Data excerpts
=== Begin Enclosure ===
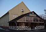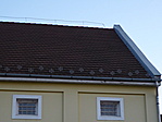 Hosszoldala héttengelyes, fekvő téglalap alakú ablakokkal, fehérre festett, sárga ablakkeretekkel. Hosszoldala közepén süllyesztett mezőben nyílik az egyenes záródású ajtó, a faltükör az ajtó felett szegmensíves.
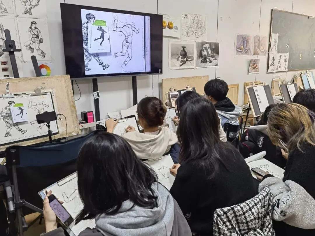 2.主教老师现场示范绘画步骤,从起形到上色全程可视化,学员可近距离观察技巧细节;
=== End Enclosure ===
=== Begin Enclosure ===
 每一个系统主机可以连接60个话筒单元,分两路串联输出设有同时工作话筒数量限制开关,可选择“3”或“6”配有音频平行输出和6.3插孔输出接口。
=== End Enclosure ===
About this task
Give again, exactly as written above, every line from the one holding "Hosszoldala héttengelyes, fekvő" to the one holding "2.主教老师现场示范绘画步骤", with both ends kept and the pictures left out.

Response to the task
 Hosszoldala héttengelyes, fekvő téglalap alakú ablakokkal, fehérre festett, sárga ablakkeretekkel. Hosszoldala közepén süllyesztett mezőben nyílik az egyenes záródású ajtó, a faltükör az ajtó felett szegmensíves.
 2.主教老师现场示范绘画步骤,从起形到上色全程可视化,学员可近距离观察技巧细节;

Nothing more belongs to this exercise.